The softness of the Bank of England has deprived the British pound of solid ground. Despite the first increase in the REPO rate over the last 10 years, the sterling has been marked by the worst daily dynamics since the referendum on the membership of the United Kingdom in the EU. The blame for all the decline can be attributed to the November meeting minutes of the MPC where it said that the tightening of the BoE’s monetary policy can be faster than waiting for the futures market. If the Central Bank is satisfied with its testimony, the next increase in the REPO rate by 25 basis points will occur in November 2018.
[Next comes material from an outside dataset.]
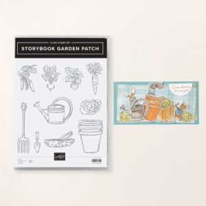 De achtergrond stempelde ik de aardbeitjes uit de set Storybook Garden Patch – 164663. Leuke combi geworden he?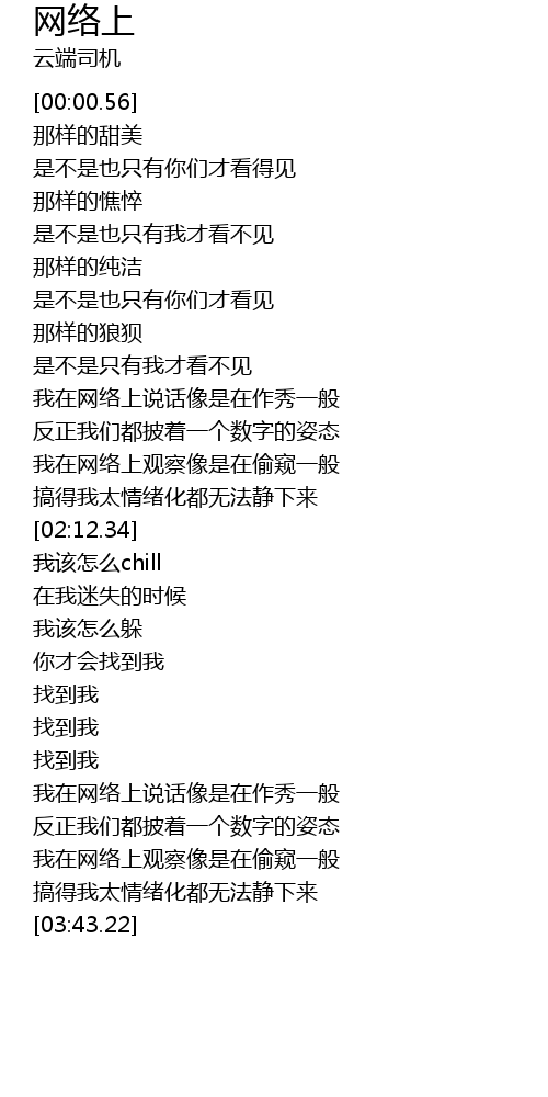 | [03:06.16] | 反正我们都披着一个数字的姿态 |

For a long time, the hints of BoE representatives kept the sterling afloat. It initially seemed that the regulator is not going to give up the old practice. Unlike their colleagues from the ECB or the Bank of Japan, the BoE is pursuing the exact opposite goals. If Frankfurt and Tokyo are concerned about the inability of inflation to reach the target of 2%, then in the United Kingdom consumer prices not only exceeded it, but also climbed to the upper boundary of the predicted BoE range. The further growth of the indicator will undermine the already shaky confidence in the Central Bank so the strong pound is a kind of solution for a lot of their troubles. It leads to a reduction in the cost of imports and a reduction in the cost of production. In other words, it fulfills the role of a safety cushion in the process of CPI growth.
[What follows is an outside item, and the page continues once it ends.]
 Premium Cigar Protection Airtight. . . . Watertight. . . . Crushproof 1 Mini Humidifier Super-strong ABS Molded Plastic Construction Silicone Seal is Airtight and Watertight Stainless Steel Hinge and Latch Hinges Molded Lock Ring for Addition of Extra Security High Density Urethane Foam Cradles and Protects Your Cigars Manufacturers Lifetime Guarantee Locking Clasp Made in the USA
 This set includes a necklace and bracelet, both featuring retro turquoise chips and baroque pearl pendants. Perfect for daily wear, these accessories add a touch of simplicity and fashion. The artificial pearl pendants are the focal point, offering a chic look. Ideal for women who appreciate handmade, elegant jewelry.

In this respect, the «hawkish» speech of Deputy Governor Ben Broadbent looks like a proof of the theory above. The MPC representative noted that the Bank of England is likely to have at least twice more to raise the REPO rate since the risks of overclocking inflation outweigh the danger of the economy slipping into a recession. However, Broadbent believes that GDP growth in the coming years will remain sluggish due to the fact that productivity is unlikely to recover to pre-crisis levels while employment growth will not be as fast as in recent years.
Thus, the fate of the pound depends on macroeconomic statistics and political risks. If the indicators signal an improvement in the health of the economy of the United Kingdom, the expectations of the futures market on the monetary restriction of BoE will begin to shift for the first half of 2018. This will support the bulls of the GBP / USD and vice versa. What’s important will be the progress of the negotiations on Brexit. The next round of talks is scheduled for November 9. The first factor could be tested after the release of important statistics on business activity in Britain and the US labor market. While the US dollar was actively advancing on the G10 currencies, the sterling remained stable against the backdrop of growth in Britain’s purchasing managers index for the services sector to the highest mark in the last six months. The dynamics of PMI gives us hope that GDP growth in the 4th quarter will be better than in the previous three.
Dynamics of business activity in Britain
Source: Trading Economics.
Technically, a breakthrough in the lower limit of the upward long-term trading channel will increase the risk of GBP / USD falling to 1.28 and 1.26. On the contrary, the return of sterling to the range of $ 1.31-1.332 will contribute to the development of consolidation.